== The data ==

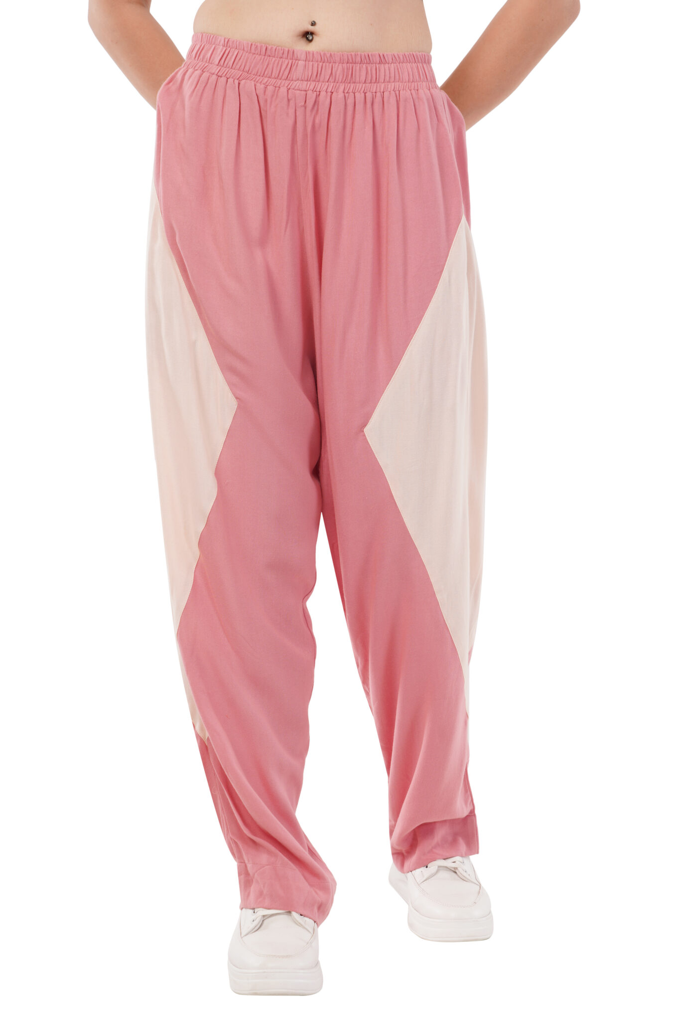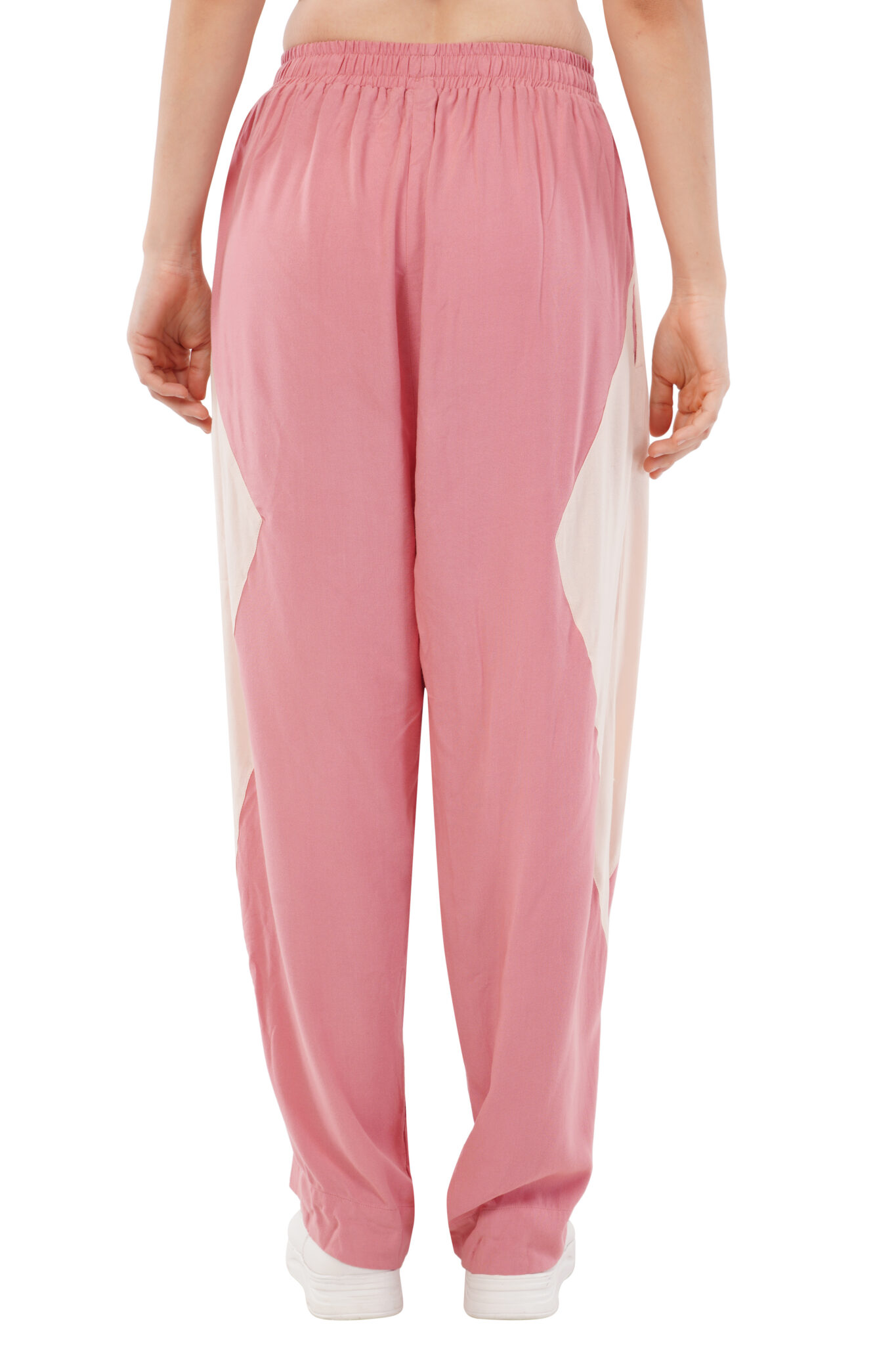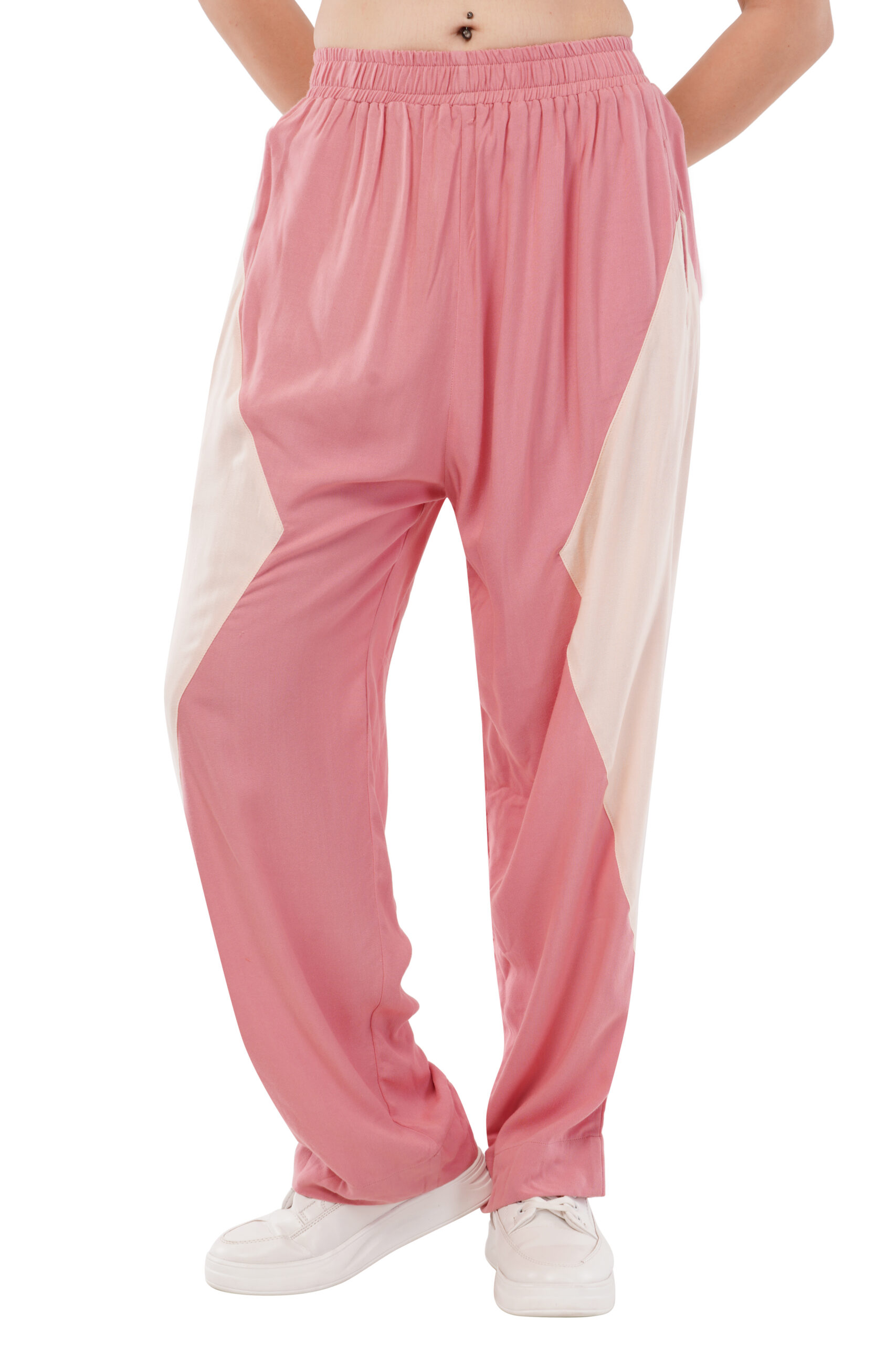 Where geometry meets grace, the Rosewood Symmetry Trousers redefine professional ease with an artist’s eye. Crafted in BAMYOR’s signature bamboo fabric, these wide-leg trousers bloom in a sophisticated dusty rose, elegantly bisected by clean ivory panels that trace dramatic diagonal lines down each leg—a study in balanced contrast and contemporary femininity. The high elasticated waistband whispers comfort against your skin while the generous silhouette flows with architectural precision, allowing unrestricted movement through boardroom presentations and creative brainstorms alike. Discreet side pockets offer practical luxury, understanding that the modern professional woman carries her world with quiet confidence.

===
== The data ==

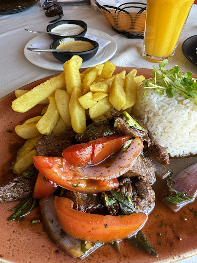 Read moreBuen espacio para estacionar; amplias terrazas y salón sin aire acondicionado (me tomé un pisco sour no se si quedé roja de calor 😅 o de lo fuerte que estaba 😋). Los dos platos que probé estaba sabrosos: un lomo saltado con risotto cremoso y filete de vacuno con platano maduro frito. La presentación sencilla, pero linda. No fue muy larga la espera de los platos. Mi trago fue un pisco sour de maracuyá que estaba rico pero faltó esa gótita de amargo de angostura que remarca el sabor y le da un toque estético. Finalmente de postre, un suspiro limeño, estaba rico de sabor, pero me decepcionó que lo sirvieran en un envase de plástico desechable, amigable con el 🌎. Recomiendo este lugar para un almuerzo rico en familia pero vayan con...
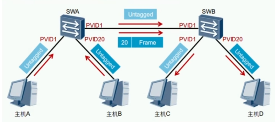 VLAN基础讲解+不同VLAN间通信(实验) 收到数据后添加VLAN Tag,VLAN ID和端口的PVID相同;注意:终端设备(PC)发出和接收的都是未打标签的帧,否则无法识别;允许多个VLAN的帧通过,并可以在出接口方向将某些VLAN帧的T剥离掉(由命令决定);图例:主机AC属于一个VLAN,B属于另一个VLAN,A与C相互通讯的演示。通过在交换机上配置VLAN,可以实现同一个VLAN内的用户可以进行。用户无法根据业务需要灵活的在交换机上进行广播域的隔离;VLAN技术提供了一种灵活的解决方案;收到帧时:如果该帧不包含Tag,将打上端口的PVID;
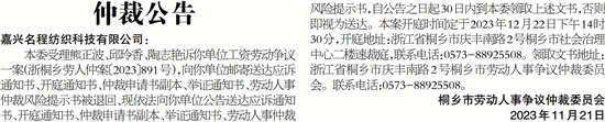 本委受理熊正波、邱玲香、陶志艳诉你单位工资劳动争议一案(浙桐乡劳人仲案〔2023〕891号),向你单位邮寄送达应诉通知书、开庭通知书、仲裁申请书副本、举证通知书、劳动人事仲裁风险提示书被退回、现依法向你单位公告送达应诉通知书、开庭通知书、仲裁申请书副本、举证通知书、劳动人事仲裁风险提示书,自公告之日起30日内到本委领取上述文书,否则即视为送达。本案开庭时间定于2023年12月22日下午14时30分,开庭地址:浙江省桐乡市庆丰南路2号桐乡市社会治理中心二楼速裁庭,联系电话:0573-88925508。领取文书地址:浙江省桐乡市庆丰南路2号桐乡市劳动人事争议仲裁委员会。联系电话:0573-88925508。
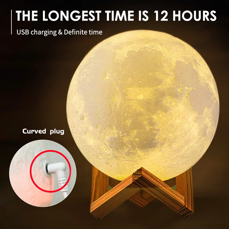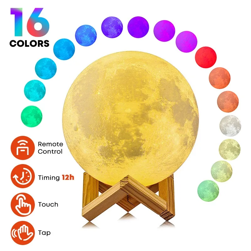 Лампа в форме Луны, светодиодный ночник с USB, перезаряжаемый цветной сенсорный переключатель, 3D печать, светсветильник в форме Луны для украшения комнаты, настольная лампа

===

Task description:
With pictures excluded, reproduce exactly the lines above from the one containing "VLAN基础讲解+不同VLAN间通信(实验) 收到数据后添加VLAN Tag,VLAN" down to the one containing "Лампа в форме", those two included.

Response box:
 VLAN基础讲解+不同VLAN间通信(实验) 收到数据后添加VLAN Tag,VLAN ID和端口的PVID相同;注意:终端设备(PC)发出和接收的都是未打标签的帧,否则无法识别;允许多个VLAN的帧通过,并可以在出接口方向将某些VLAN帧的T剥离掉(由命令决定);图例:主机AC属于一个VLAN,B属于另一个VLAN,A与C相互通讯的演示。通过在交换机上配置VLAN,可以实现同一个VLAN内的用户可以进行。用户无法根据业务需要灵活的在交换机上进行广播域的隔离;VLAN技术提供了一种灵活的解决方案;收到帧时:如果该帧不包含Tag,将打上端口的PVID;
 本委受理熊正波、邱玲香、陶志艳诉你单位工资劳动争议一案(浙桐乡劳人仲案〔2023〕891号),向你单位邮寄送达应诉通知书、开庭通知书、仲裁申请书副本、举证通知书、劳动人事仲裁风险提示书被退回、现依法向你单位公告送达应诉通知书、开庭通知书、仲裁申请书副本、举证通知书、劳动人事仲裁风险提示书,自公告之日起30日内到本委领取上述文书,否则即视为送达。本案开庭时间定于2023年12月22日下午14时30分,开庭地址:浙江省桐乡市庆丰南路2号桐乡市社会治理中心二楼速裁庭,联系电话:0573-88925508。领取文书地址:浙江省桐乡市庆丰南路2号桐乡市劳动人事争议仲裁委员会。联系电话:0573-88925508。
 Лампа в форме Луны, светодиодный ночник с USB, перезаряжаемый цветной сенсорный переключатель, 3D печать, светсветильник в форме Луны для украшения комнаты, настольная лампа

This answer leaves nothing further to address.